[Stored items]
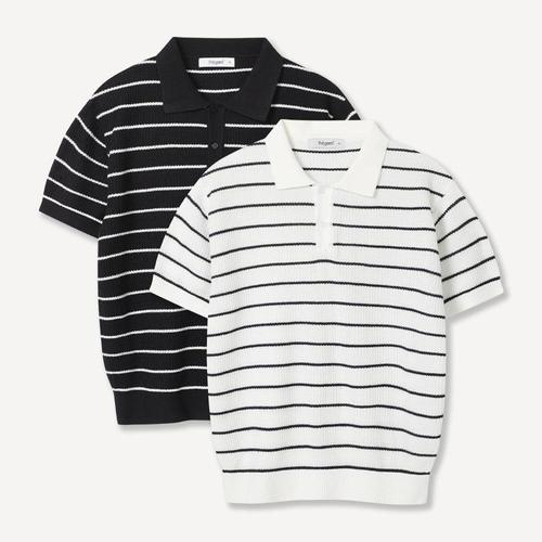 [폴리그램]텍스처 스트라이프 카라 반팔 니트 - 3COLOR
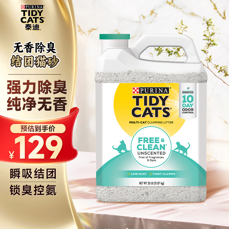 自营泰迪 TIDY CATS 无香除臭结团猫砂20磅9.07kg 美国进口膨润土猫沙
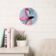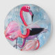 Colourful pink flamingo watercolor art large clock
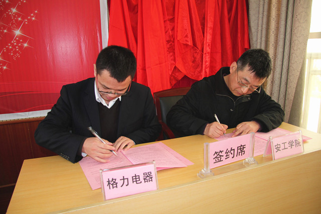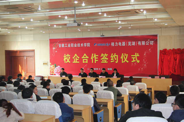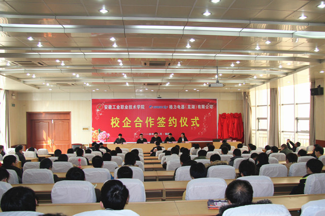 12月8日,我校校企合作的又一成果——学院与格力电器(芜湖)有限公司合作组建的“格力班”诞生了。上午,“格力电器(芜湖)有限公司联合办学基地”的揭牌仪式在阶梯教会301隆重,beat365正式和格力电器(芜湖)有限公司签订协议,宣布“格力班”成立。学院院长陈世虎、常务副院长李庆峰、副院长周理瑞、学院各部门主要负责人,格力电器(芜湖)有限公司副总经理翟浩春、总经办主任石琴、总经办人力资源科副科长程子龙、总经办人力资源科招聘规划组长桑希显、工程师张辉等人参加了签约仪式。
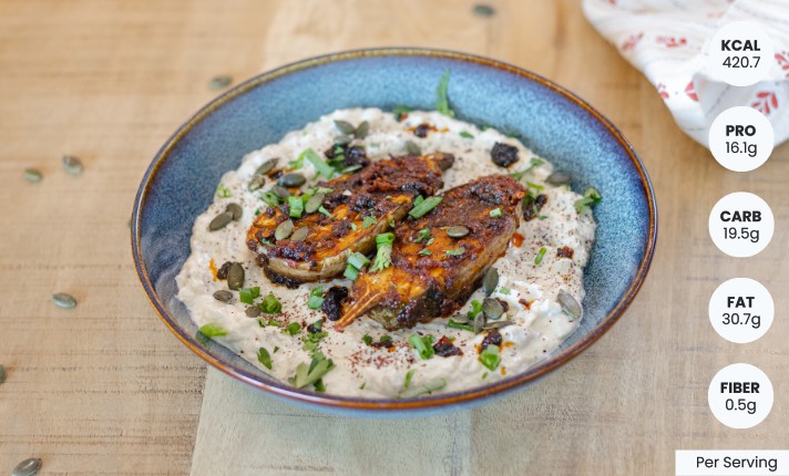 aubergine. Finish with sliced spring onion, toasted pumpkin seeds, fresh parsley, and a

**Goal of the exercise**: Reproduce each entry exactly, without the pictures.

**Exercise result**:
 [폴리그램]텍스처 스트라이프 카라 반팔 니트 - 3COLOR
 自营泰迪 TIDY CATS 无香除臭结团猫砂20磅9.07kg 美国进口膨润土猫沙
 Colourful pink flamingo watercolor art large clock
 12月8日,我校校企合作的又一成果——学院与格力电器(芜湖)有限公司合作组建的“格力班”诞生了。上午,“格力电器(芜湖)有限公司联合办学基地”的揭牌仪式在阶梯教会301隆重,beat365正式和格力电器(芜湖)有限公司签订协议,宣布“格力班”成立。学院院长陈世虎、常务副院长李庆峰、副院长周理瑞、学院各部门主要负责人,格力电器(芜湖)有限公司副总经理翟浩春、总经办主任石琴、总经办人力资源科副科长程子龙、总经办人力资源科招聘规划组长桑希显、工程师张辉等人参加了签约仪式。
 aubergine. Finish with sliced spring onion, toasted pumpkin seeds, fresh parsley, and a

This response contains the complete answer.